Work instructions:
The line containing "Beliung ini memiliki", plus every line that follows it to the end of the listing below, is what you transcribe exactly; omit all pictures.

Top of Input for this task

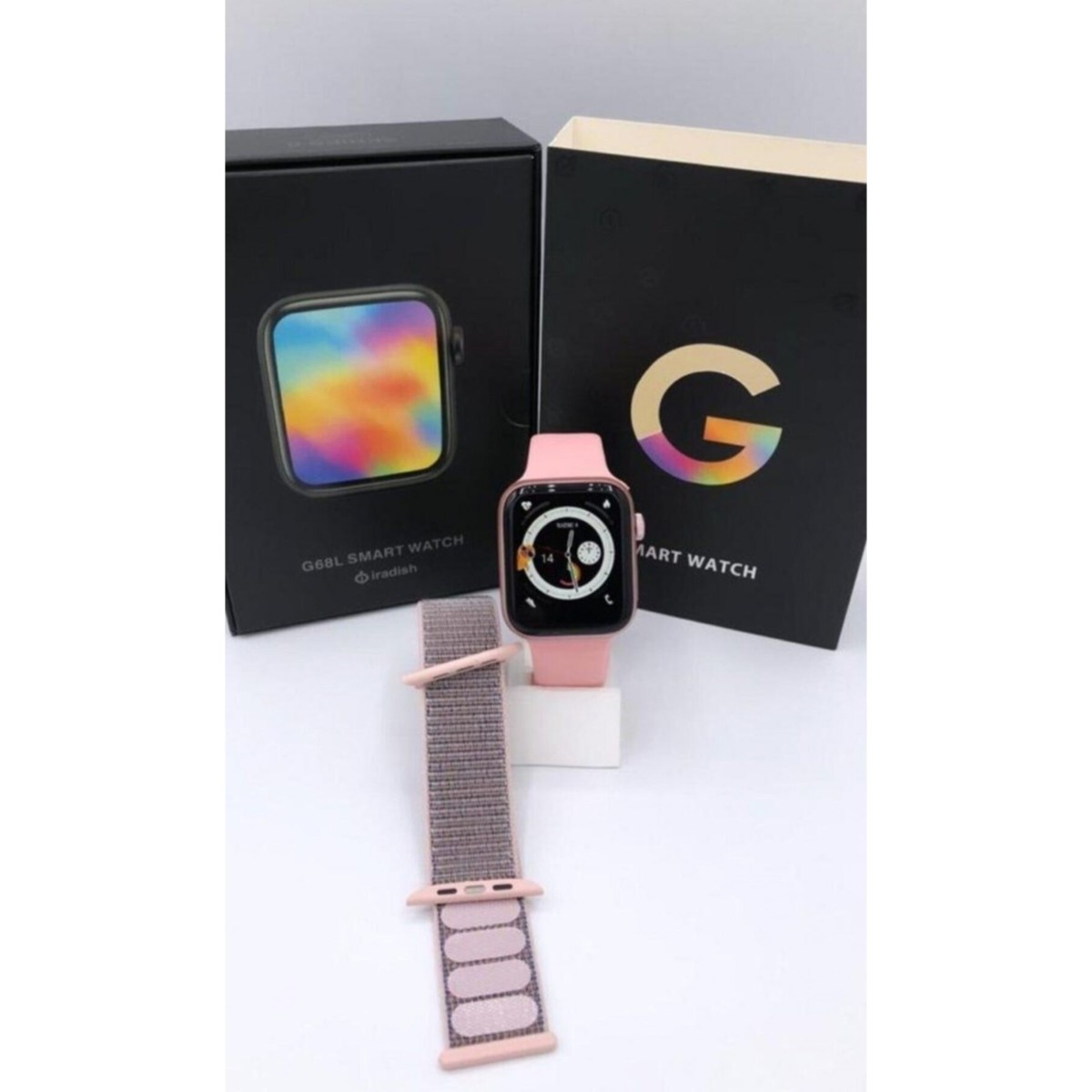 Pazariz G68L 6s Akıllı Saat Yan Tuşlar Aktif Uygulama – Çift Kordon Pembe
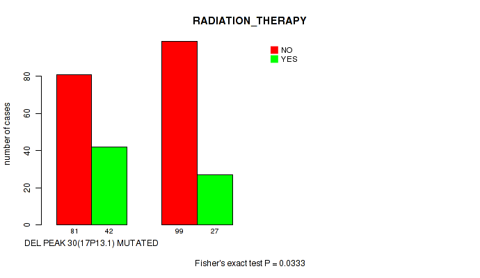 Figure S167. Get High-res Image Gene #60: 'del_19q13.43' versus Clinical Feature #5: 'RADIATION_THERAPY'
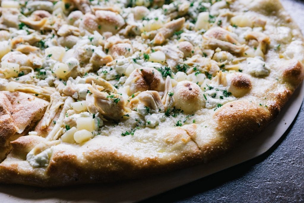 There are five pizzas to choose from, which may go up to six or seven in the future. The basics of course, like cheese and pepperoni, a veggie option, their BBQ chicken, and the fifth rotates – the x-factor of the night.
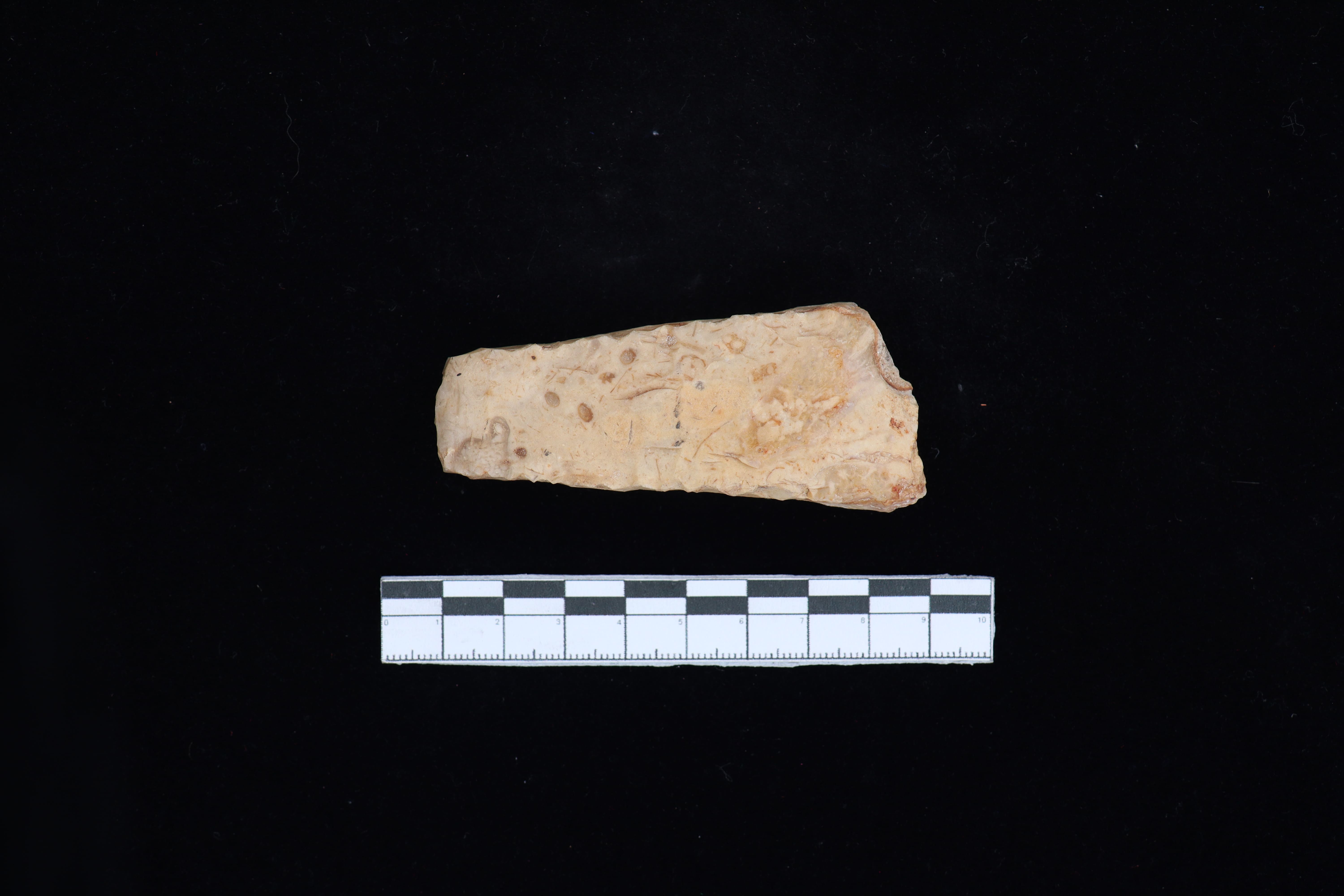 Beliung ini memiliki bentuk dasar persegi. Lebih detail lagi pada sisi distal memiliki dimensi yang lebih lebar dibandingkan sisi proksimal sehingga membentuk bidang trapesium yang memanjang mengikuti bentuk dasar spesimen. Secara teknologi, spesimen ini sudah mengalami proses pemangkasan lanjutan untuk menghasilkan bentuk yang simetris dan ergonomis. Hal ini tampak dari adanya pemangkasan atau retus yang mengarah ke sisi lateral. Selain itu pada spesimen ini juga sudah dibentuk bidang tajaman. Bidang tajaman terbentuk dari dua hingga tiga pemangkasan dari kedua sisinya (dorsal/ventral). Hasil pemangkasan menyebabkan bidang tajaman memanjang atau meluas hingga medial.
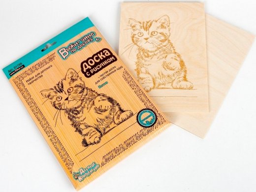 Купить Выжигание по дереву Котик+чистая доска для собственных идей в Новосибирске Вы можете в магазине развивающих и настольных игр "Игры Почемучек"
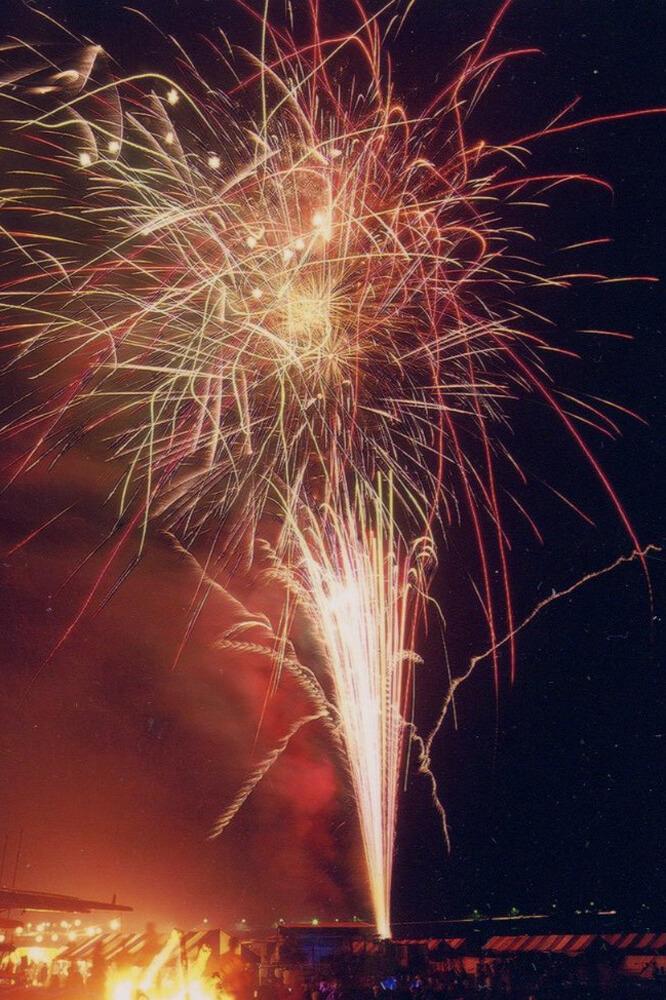 花火は20時頃から打ち上げられますが、お祭り自体は17時から行われており竹太鼓の演奏や、子供神輿、ジャグリングやファイヤーパフォーマンスによるショーが行われ、お祭りを盛り上げます。
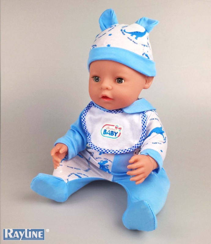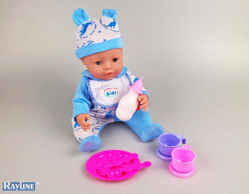 Blau: Puppe, Mütze, Strampler, Latz, Fläschchen, Besteck 2x, Teller, Tassen 2 x
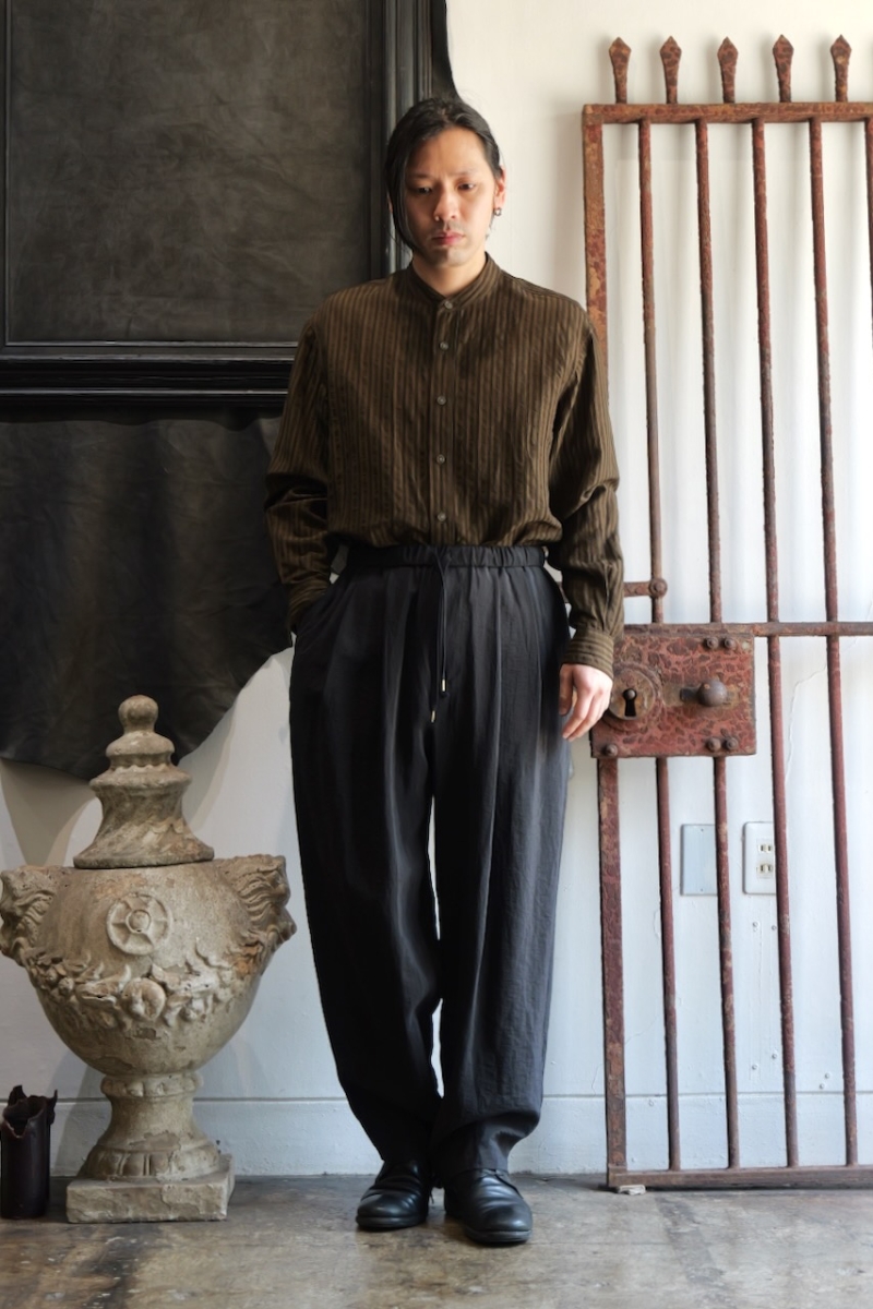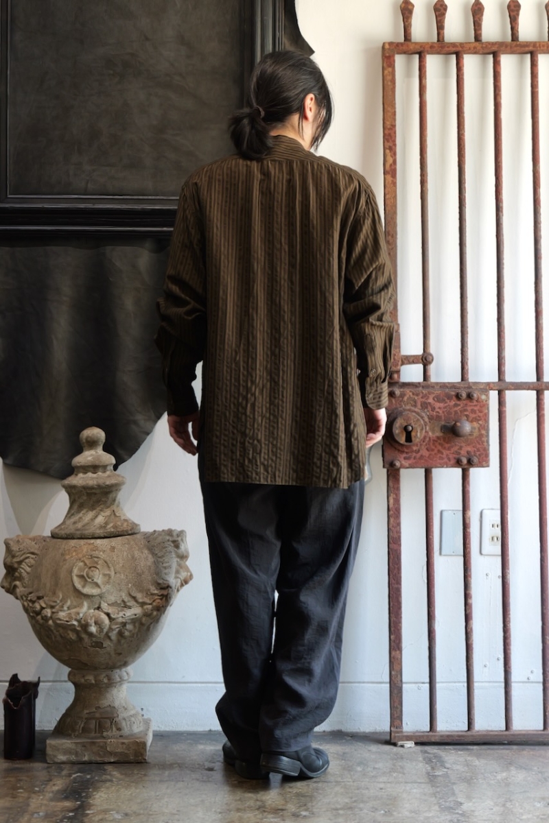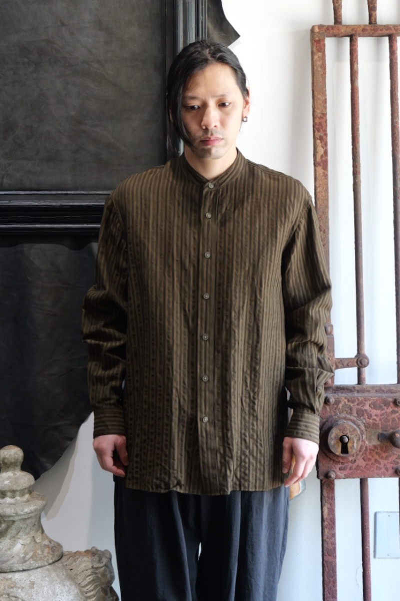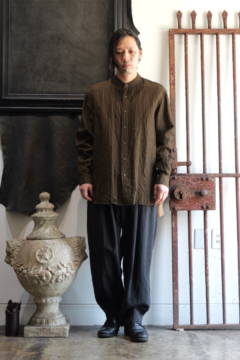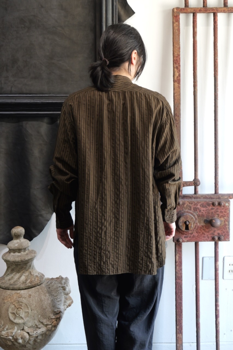 ・ヨークにギャザーを施したヴィンテージ感のあるバンドカラーシャツです。

Bottom of Input for this task

Result for this exercise:
 Beliung ini memiliki bentuk dasar persegi. Lebih detail lagi pada sisi distal memiliki dimensi yang lebih lebar dibandingkan sisi proksimal sehingga membentuk bidang trapesium yang memanjang mengikuti bentuk dasar spesimen. Secara teknologi, spesimen ini sudah mengalami proses pemangkasan lanjutan untuk menghasilkan bentuk yang simetris dan ergonomis. Hal ini tampak dari adanya pemangkasan atau retus yang mengarah ke sisi lateral. Selain itu pada spesimen ini juga sudah dibentuk bidang tajaman. Bidang tajaman terbentuk dari dua hingga tiga pemangkasan dari kedua sisinya (dorsal/ventral). Hasil pemangkasan menyebabkan bidang tajaman memanjang atau meluas hingga medial.
 Купить Выжигание по дереву Котик+чистая доска для собственных идей в Новосибирске Вы можете в магазине развивающих и настольных игр "Игры Почемучек"
 花火は20時頃から打ち上げられますが、お祭り自体は17時から行われており竹太鼓の演奏や、子供神輿、ジャグリングやファイヤーパフォーマンスによるショーが行われ、お祭りを盛り上げます。
 Blau: Puppe, Mütze, Strampler, Latz, Fläschchen, Besteck 2x, Teller, Tassen 2 x
 ・ヨークにギャザーを施したヴィンテージ感のあるバンドカラーシャツです。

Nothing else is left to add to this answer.